Karenanya filsafat politik secara umum berkaitan dengan pencarian pemahaman tentang apa yang
merupakan rezim politik yang baik atau terbaik, seorang filsuf politik Muslim juga akan
merenungkan struktur dan rezim politik. Namun, ia harus menyesuaikan kesimpulannya dengan apa
yang diyakini oleh ajaran Islam sebagai rezim politik yang baik atau terbaik. Beberapa filosof Islam
Klasik turut berkontribusi termasuk al-Farabi (Abunaser), Ibn Sina (Avicenna), Ibn Bajjah (Avempace),
Ibn Rusyd (Averroes), dan Ibnu Khaldun.
Secara umum, filsafat politik mengacu pada studi tentang urusan negara dan proses serta pencarian
mendalam untuk alasan-alasan dalam politik dan etika dalam perilaku publik (Walzer, 1963). Untuk
ini, pemikiran politik Islam menambahkan kerangka khusus-yaitu Islam-untuk dipelajari, dijelaskan.

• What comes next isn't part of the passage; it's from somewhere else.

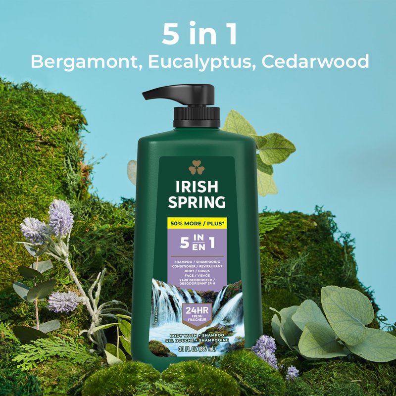 - Feel good while washing from head-to-toe with Irish Spring 5 in 1 Mens Body Wash

dan merasionalisasikan segala sesuatu yang bersifat politis. Kerangka kerja ini berasal dari sumber-
sumber Islam: Al-Qur'an (mencakup wahyu-wahyu kepada Muhammad), dilengkapi dengan hadits
(kisah tentang kehidupan, perkataan, dan perbuatan Muhammad). Dengan demikian, pemikiran
politik Islam dimulai sejak awal Islam (sekitar 622), dan perkembangannya secara umum dibagi
dalam dua periode utama: klasik atau pramodern (645-1500). dari asal usul sejarah Islam hingga
akhir periode klasik, dan pemikiran politik Islam modern dan modern awal (1500-sekarang), yang
mencakup periode dinasti dari kerajaan Safawi hingga gerakan politik Islam kontemporer.

Untuk menyajikan gambaran yang lebih lengkap, dikemukakan perkembangan-perkembangan


borikalnya (seperti perpecahan agama-politik dalam Islam), kontribusi beberapa filosof Islam klasik,
serta karya-karya modern tentang pemikiran politik Islam.